- What to work on: Copy, exactly as written, the lines that begin at the one containing "(2)各類場所的逃生避難人數" and end at the one containing "奶白色冰淇淋质地,有淡淡的香". Skip any pictures in the data below.

- Data:
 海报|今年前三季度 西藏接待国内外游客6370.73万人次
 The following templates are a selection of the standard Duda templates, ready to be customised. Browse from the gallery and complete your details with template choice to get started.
---
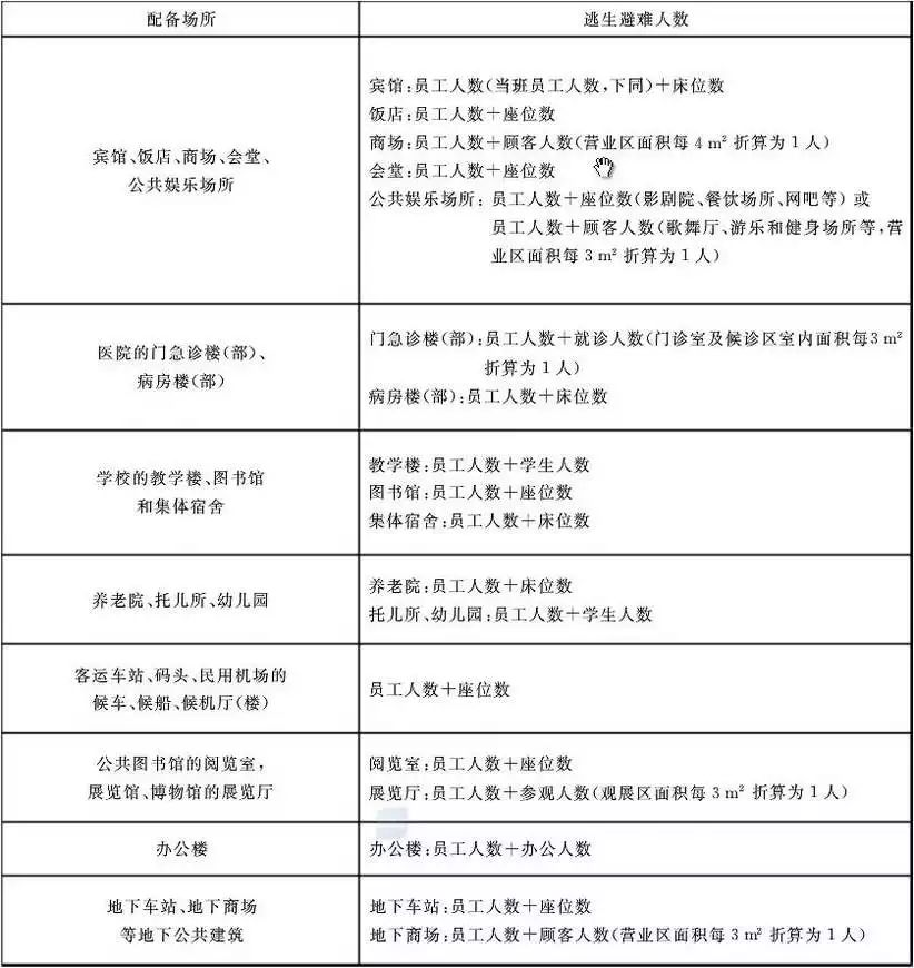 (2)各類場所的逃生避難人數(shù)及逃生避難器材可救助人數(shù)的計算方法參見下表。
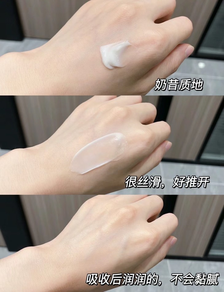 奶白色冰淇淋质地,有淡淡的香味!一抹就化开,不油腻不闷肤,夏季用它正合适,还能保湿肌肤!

- Task answer:
 (2)各類場所的逃生避難人數(shù)及逃生避難器材可救助人數(shù)的計算方法參見下表。
 奶白色冰淇淋质地,有淡淡的香味!一抹就化开,不油腻不闷肤,夏季用它正合适,还能保湿肌肤!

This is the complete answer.